At issue is the New Source Review (NSR), one of the 1977 Clean Air Act amendments. Power plants must meet certain air quality standards, and companies must follow Prevention of Significant Deterioration (PSD) rules to demonstrate that the construction and operation of new projects and major modifications will not increase emissions above a specified threshold.
Therefore, if a company wants to make plant modifications that improves the power plant’s efficiency, it will trigger New Source Review and the EPA will regulate the plant to meet the most recent emissions standards.
However, what constitutes a significant modification is subjective under the rules. The amendment excludes routine maintenance, repair, and replacement, but what falls under the definition of significant modification remains murky, despite multiple administrative attempts to clarify the meaning. The lack of clarification also forces companies into years, if not decades, of litigation over NSR violations. Such is the most recent case with Duke Energy.
Companies could be allocating resources to invest in new equipment and provide jobs that benefit energy consumers, but instead have to waste resources fighting ridiculously long and unnecessary lawsuits. Even though companies argue in court they complied with the law, the result will be a settlement where the federal government hands down millions of dollars in fines, and forces the closure of power plants, killing jobs in the process.
New Source Review is a cost to both the economy and the environment. Plant upgrades can improve efficiency and reduce operational costs, thereby lowering electricity costs for families and businesses, increasing reliability, and providing environmental benefits.
Nevertheless, because those upgrades trigger a New Source Review, the policy discourages new investment and keeps power plants operating less efficiently than they otherwise would.
Although increasing the efficiency of a plant will likely cause it to run longer and consequently cause the plant’s emissions to rise, NSR does not account for the emission reduction that would occur if a less efficient plant reduced its hours of operation to compensate for increases in operation of a more efficient plant.

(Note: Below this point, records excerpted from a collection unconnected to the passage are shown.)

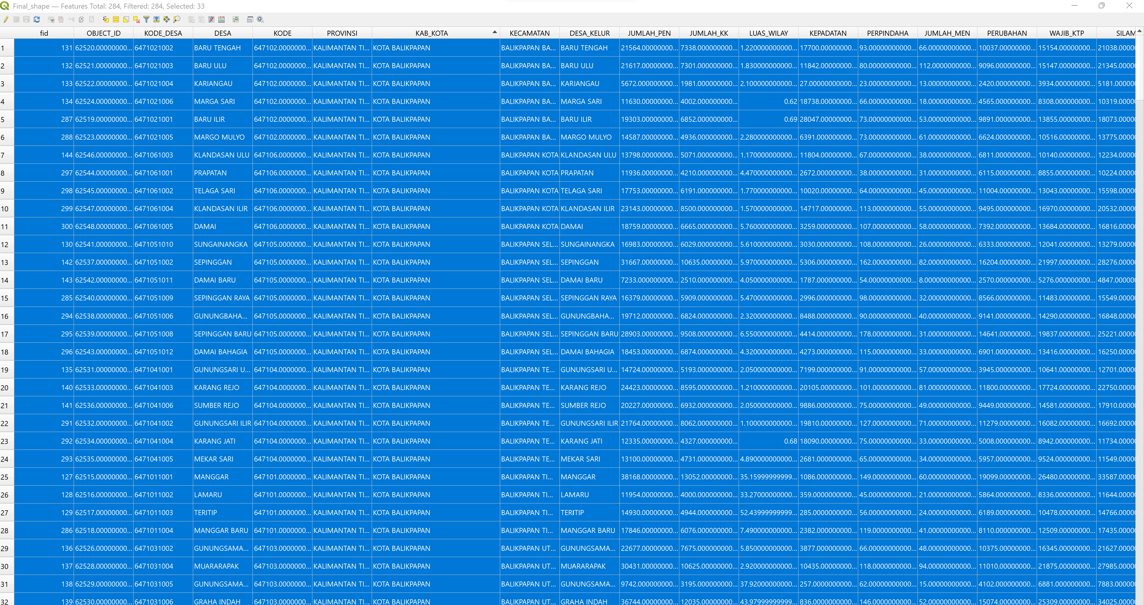 Following that, we sort the table by “KAB_KOTA” by clicking on it, and then selecting all the rows with attribute KAB_KOTA = “KOTA BALIKPAPAN” or “KOTA_SAMARINDA”.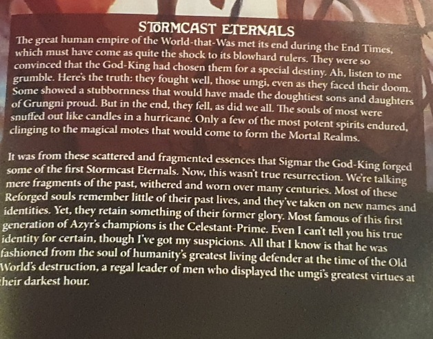 They retconned Celestant Prime from being a king originating from the Mortal Realms to being once the greatest defender of men during the End Times.Any idea who he was?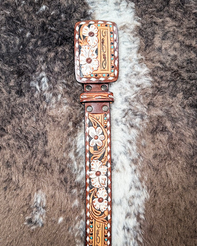 Where rugged meets refined, the Bluff and Bloom Leather Belt blends classic western charm with thoughtful artistry. Every detail is rooted in craftsmanship—from the rich hand-tooled floral pattern to the subtle burnished edges that speak of heritage and intention.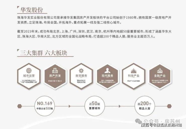 华发股份在房地产领域精研 40 余年,进驻全国近 50 座城市,打造超 200 个精品项目,深耕苏州 8 载,成功打造姑苏院子等项目,人居口碑颇丰。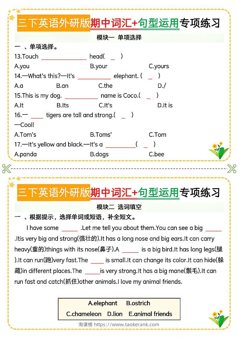 三下英语外研版期中词汇+句型运用专项taoke5个月前发布关注4612三下英语外研版期中词汇+句型运用专项此内容为付费资源,请付费后查看9.919.9月VIP免费永久VIP免费立即购买您当前未登录!建议登陆后购买,可保存购买订单格式pdf页数16 页大小8.54 MB付费资源 ——预览已结束,还剩14页未读——开通会员后可免费下载高清完整文档 © 版权声明文章版权归作者所有,未经允许请勿转载。THE END小学英语 喜欢就支持一下吧点赞12收藏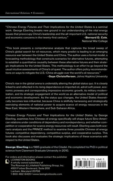 Chinese Energy Futures and Their Implications for the United States, by George Eberling, shows how China will most likely address its growing oil energy dependence. Eberling's study uses scenario analysis and the PRINCE model to determine what will be the most likely U.S. foreign policy consequences, stemming from the most current literature available on energy security and foreign policy. Chinese Energy Futures also contributes to the literature on Chinese and United States energy security, foreign policy, political economy, and political risk analysis.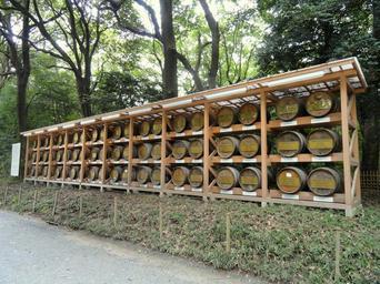 Keywords: Meiji Shrine - DSC04948.JPG Meiji Shrine Shinjuku Tokyo Japan I took this photograph 2011-09-10 20 50 28 Daderot Public domain Wine Barrel Offerings at Meiji Shrine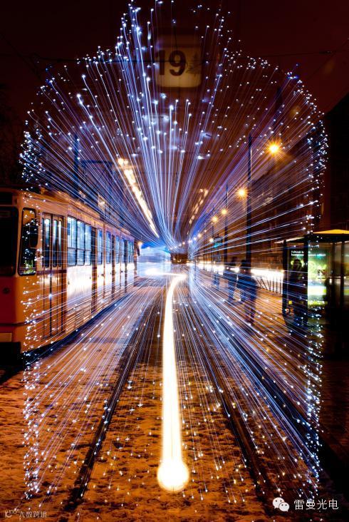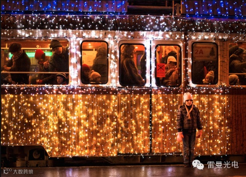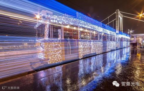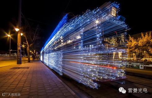 全身覆盖了30000盏蓝白两色LED灯的钢铁大物,在大雪皑皑的城市轨道上穿梭,通过长时间曝光,恍如时光穿梭机,感叹圣诞老人是不是改了座驾……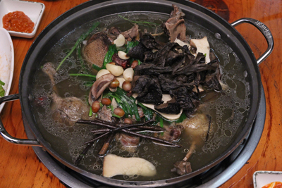 コウタケは卸値で1kg16万ウォンもするという希少なキノコで、いちばん上に載っている黒いものがそれ。そこに高麗人参、ナツメ、鹿角(녹각)、ハリギリ(엄나무)、キバナオウギ(황기)といった韓方を加え、じっくり煮出したスープでアヒルを丸ごと水炊きにした料理です。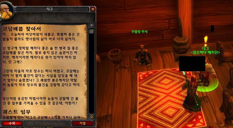 4. 그롬골 주둔지로 돌아와 [모크타르딘의 마법(1)을 완료]받고 연퀘인 <<모크타르딘의 마법(2)>>을 받아준다.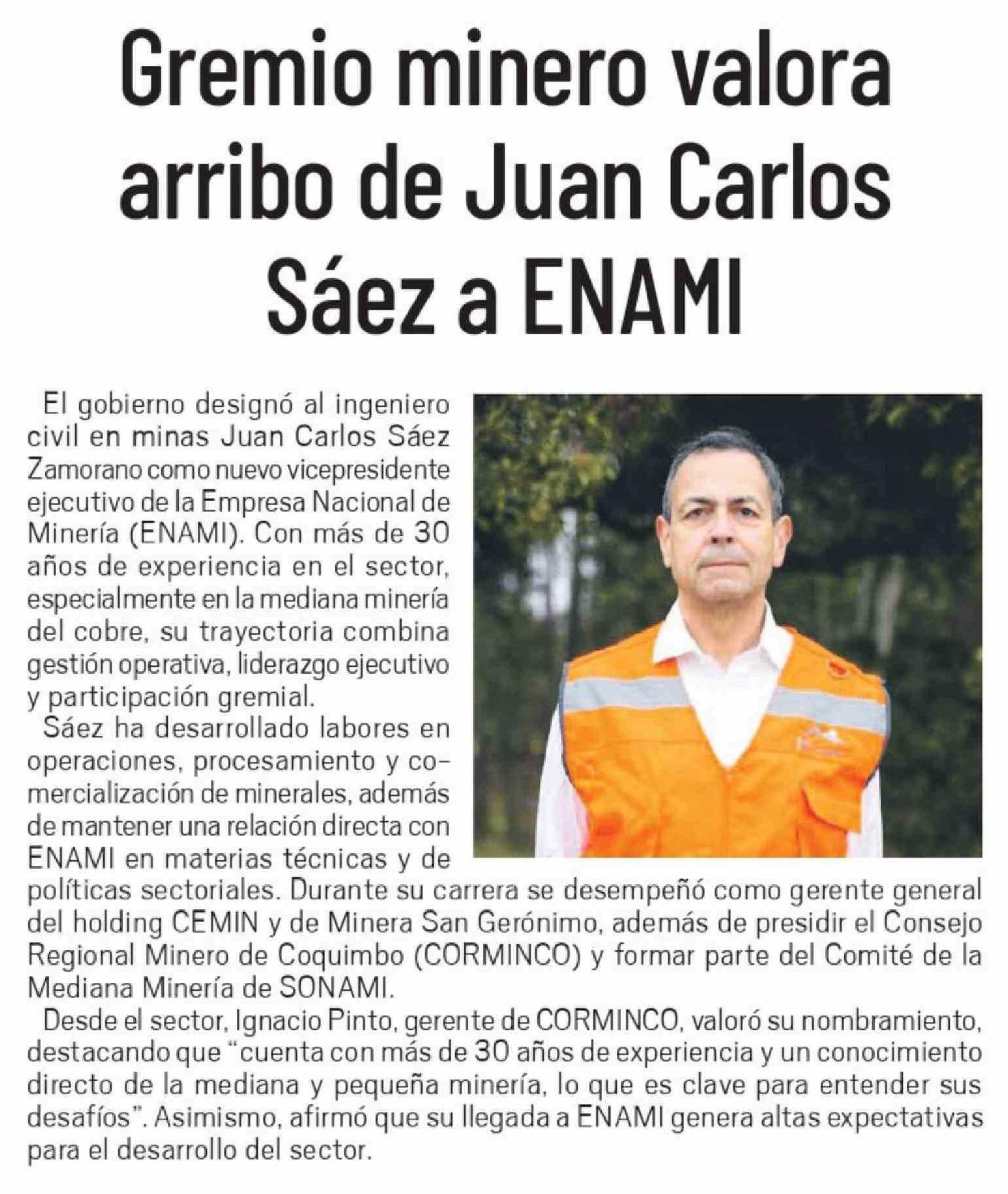 Título: Gremio minero valora arribo de Juan Carlos Sáez a ENAMI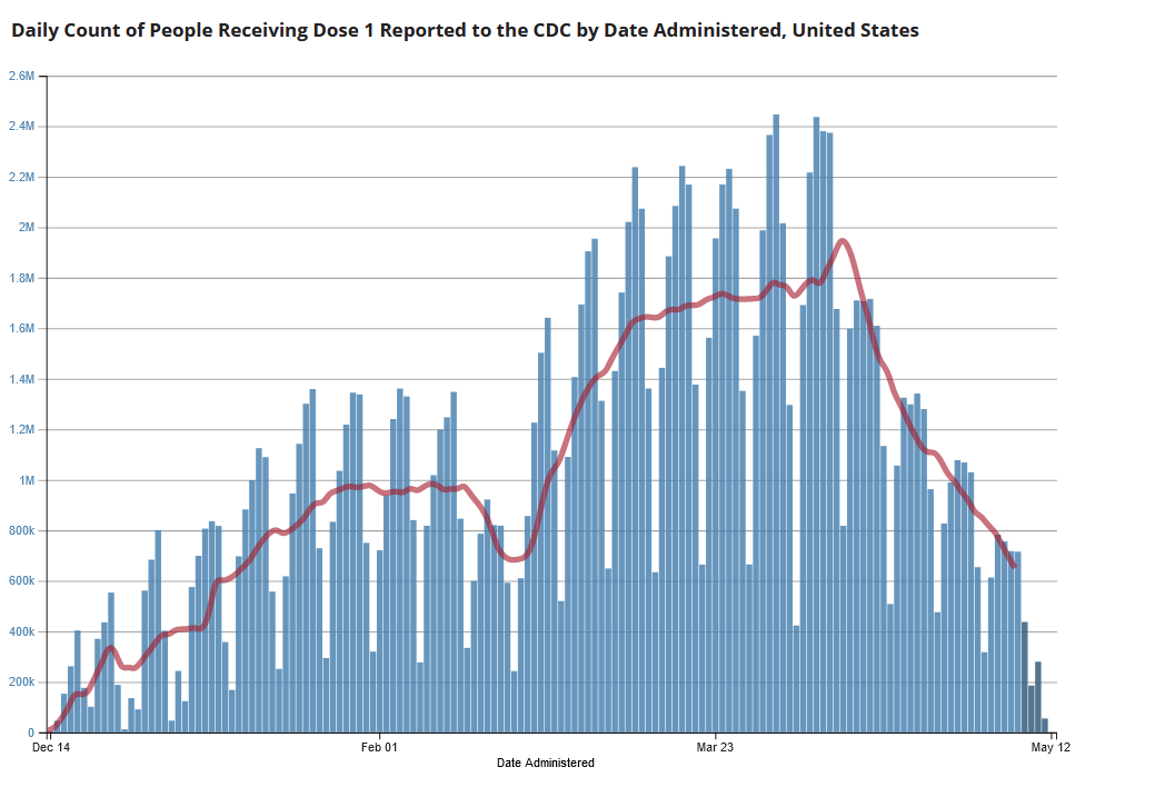Example -- in New York, which has done well: We have 63% of adults vaccinated. So we need about 1 million more adults to reach 70%. Sounds very doable -- Except, we are now down to 35,000 first doses per day. Keeping that pace, we would hit 70% by mid June. But if the pace slows down much more.....

That is why Congress should repeal New Source Review.
New Source Review is a bureaucratic mess that prevents plants from operating at optimal efficiency. Power plants are already clean because companies equip them with sophisticated, state-of-the-art pollution prevention technology to ensure safe operations no matter how long the power plant runs.
Repealing NSR would not be a free pass for companies to pollute but instead allow them to improve plant efficiency, reduce emissions and also increase power generation to meet U.S. energy needs.